Sie wäre die erste Landrätin im Kreis Kleve. Aber darüber, dass sie eine Frau ist und als solche das höchste Amt in der Kreisverwaltung anstrebt, verliert Silke Gorißen (CDU) nicht viele Worte. Ähnlich wie ihr Mitbewerber Dominik Feyen aus der eigenen Partei und der parteilose Peter Drießen, der Kandidat der Opposition, ist sie überzeugt davon, das für sie passende Ziel vor Augen zu haben. Silke Gorißen, gerade noch 47 Jahre alt, Juristin und langjährige CDU-Chefin in Bedburg-Hau, ist sicher, die Richtige für den Chefsessel im Kreishaus zu sein. Davon will sie in den kommenden Monaten möglichst viele Menschen überzeugen.

„Mich hatten Parteifreunde angesprochen, bevor sich Spreen über seine Zukunft geäußert hatte“, erklärt Gorißen im RP-Gespräch. So lange nicht klar war, dass er aufhören wollte, habe sie sich jedoch zurückgehalten. „Ein Antritt gegen den Amtsinhaber wäre keine Option gewesen.“ Auch habe sie sich Gedanken darüber gemacht, als Bürgermeisterin in Bedburg-Hau zu kandidieren. „Nach so vielen Jahren Partei- und Fraktionsvorsitz war das nur logisch.“ Aber die Idee, Landrätin zu werden, fand sie überzeugender – mehr Möglichkeiten, Einfluss zu nehmen, mehr Verantwortung. „Ich will gestalten, das liegt einfach in meiner Natur.“

Im Kreisvorstand der Christdemokraten ist sie seit langem aktiv, war Kreisvorsitzende der Frauen-Union, hatte auch ein Kreistagsmandat. „Die Themen des Kreises sind mir nicht fern.
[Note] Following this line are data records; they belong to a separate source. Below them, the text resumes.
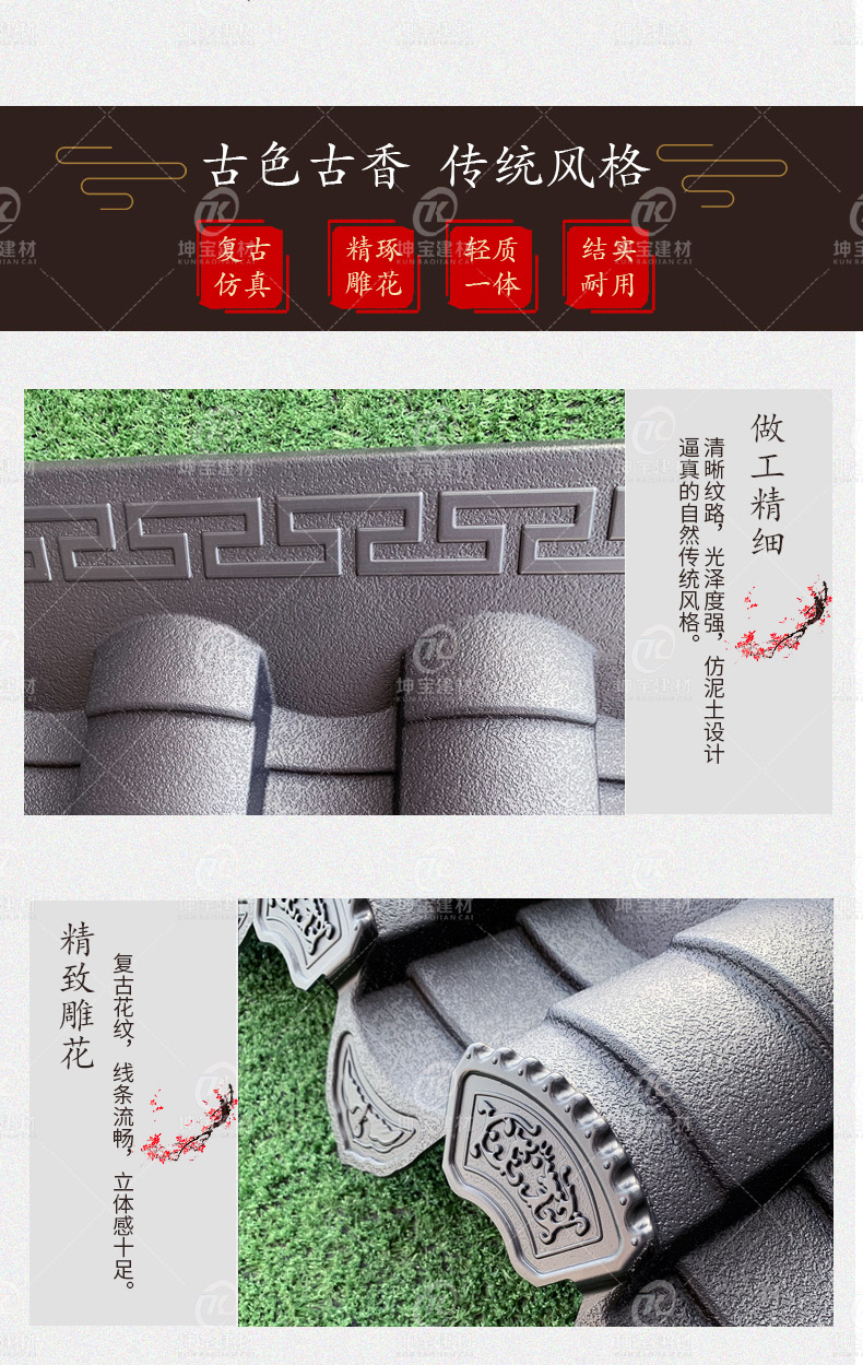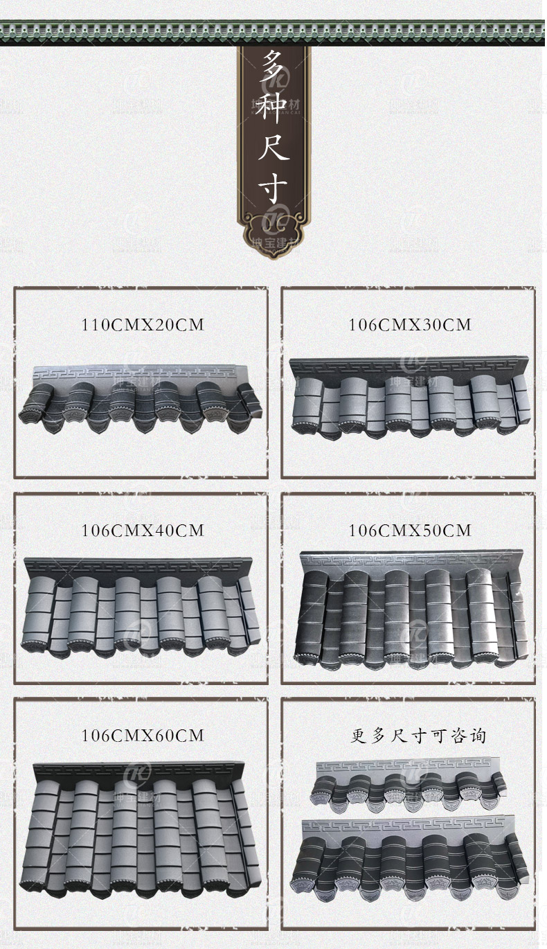 用途:徽派建筑裝飾(室內外皆可用)圍墻、門頭、徽派古建筑、徽派小瓦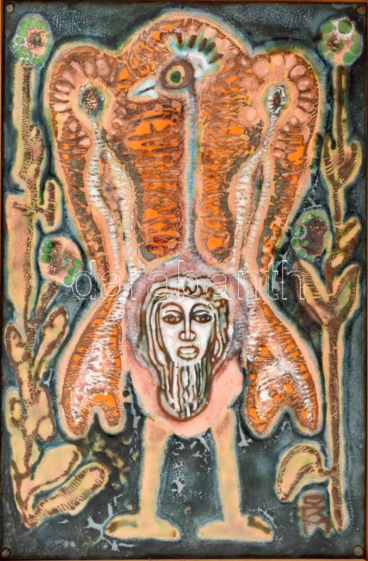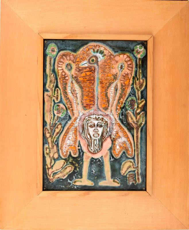 Leírás: Ismeretlen alkotó, esetleg Fajka János?: Szürrealista portré. Keretbe applikálva, 22x15 cm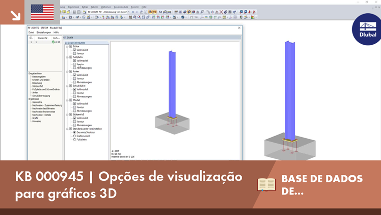 Uma função especial permite exibir ou ocultar separadamente os componentes individuais da ligação, bem como as linhas de dimensão e os detalhes de soldadura, por exemplo. A seleção é possível no navegador à esquerda do gráfico.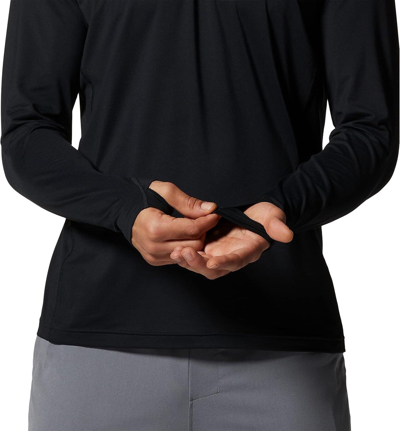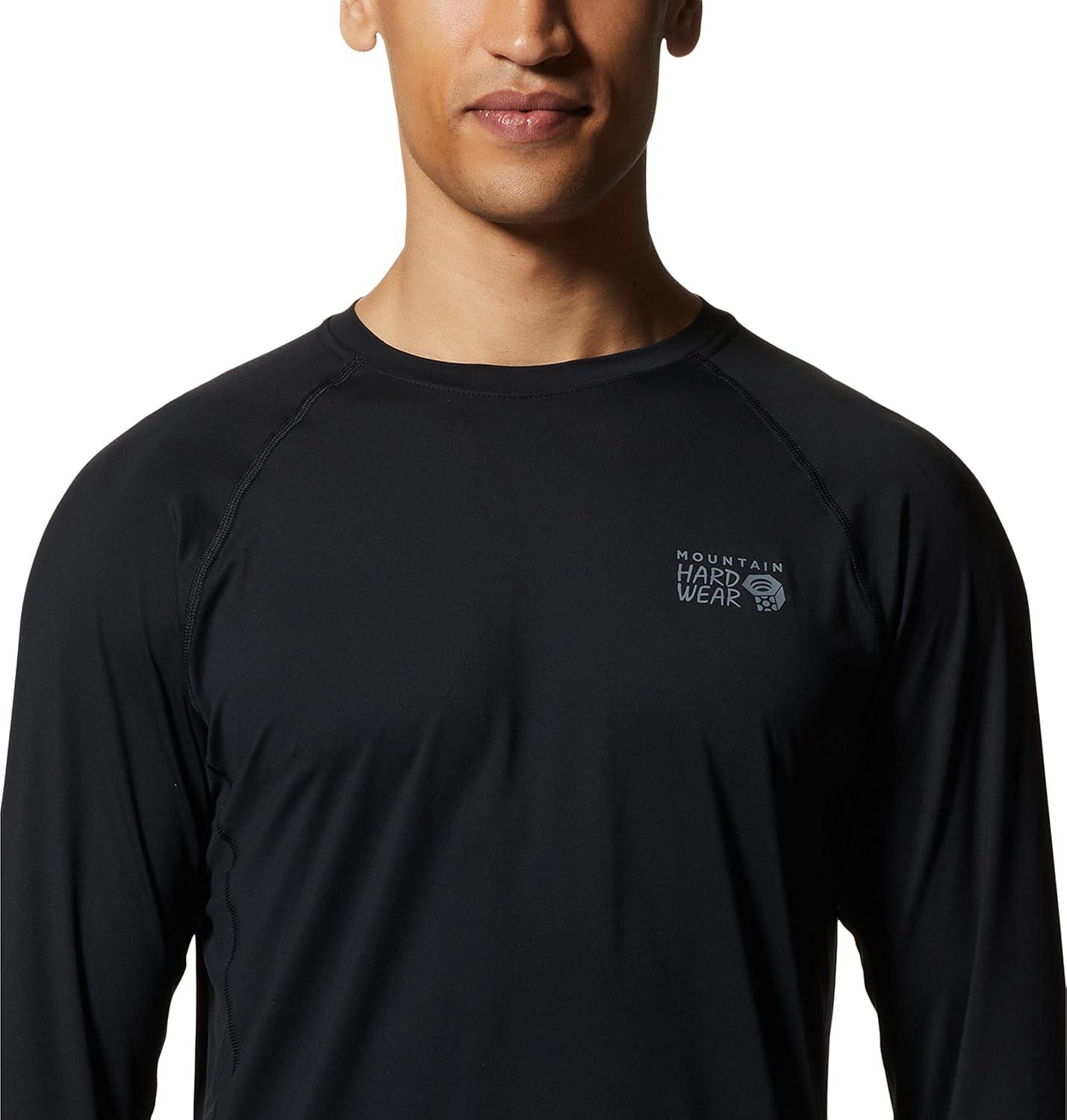 Mountain Hardwear Men’s Crater Lake Long Sleeve Crew Shirt for Hiking, Camping, Outdoor Adventures, and Casual Wear(Black)

Ich möchte den Mittelstand als Rückgrat unserer Wirtschaft fördern, Investoren für Zukunft weisende Projekte finden, unsere Region nach außen vertreten.“ Mit der Politik will sie gut und in offener Atmosphäre zusammenarbeiten. Nicht zuletzt müsse am Image des Kreises gefeilt werden, denn das werde seinen tatsächlichen Stärken nicht gerecht. „Wir müssen etwas daran ändern, dass Lehrer, Juristen, Ärzte nicht hierher wollen, obwohl die meisten,  wenn sie es erst einmal versuchen, sich am Niederrhein nach kurzer Zeit sehr wohl fühlen.“

Die bessere Vereinbarkeit von Familie und Beruf für Frauen und Männer wäre ihr wichtig. Gemeinsam mit ihrem Lebensgefährten hat Gorißen einen fünfjährigen Sohn. „Es war anfangs richtig hart, die Mutterrolle mit der Selbständigkeit und der Parteiarbeit zu verbinden“, sagt sie. Auch wenn sie selbst die Kinderbetreuung durch reguläre Kita-Zeiten und die Familie abdecken konnte, wirbt sie für gute Betreuungsangebote, die auch Schichtdienstlern gerecht werden, indem zum Beispiel Tagesrandzeiten abgedeckt werden. Denn klar müsse immer sein „Die Kinder dürfen nie hinten runter fallen.“

Silke Gorißen stammt aus einer Klever Kaufmannsfamilie mit sechs Kindern. Sie studierte in Bonn Rechtswissenschaften, ist inzwischen seit 20 Jahren Rechtsanwältin. Durch ihre Arbeit und ihr politisches Engagement hat sie im Laufe der Jahre einigen Einblick in die kommunalen Strukturen nehmen können. Ein weiteres wichtiges Thema: „Mir ist als Mitglied einer christlichen Partei auch die Bewahrung der Schöpfung besonders wichtig“, sagt die 47-Jährige, die als Chefin der Kreisverwaltung den Kreis Kleve als Vorbild sehen wollte: „Wir müssen unseren Beitrag zum Klimaschutz leisten. Mein Ziel ist der ,klimaneutrale Kreis Kleve’. Dazu gehört, öffentliche Gebäude energetisch zu sanieren und vernünftig in erneuerbare Energien zu investieren. Fraglos brauchen wir auch einen besseren öffentlichen Personennahverkehr.“

In der nächsten Zeit wird sich Silke Gorißen bei den Ortsverbänden ihrer Partei vorstellen, wie es auch Mitbewerber Dominik Feyen angekündigt hat. So wird der direkte Vergleich möglich.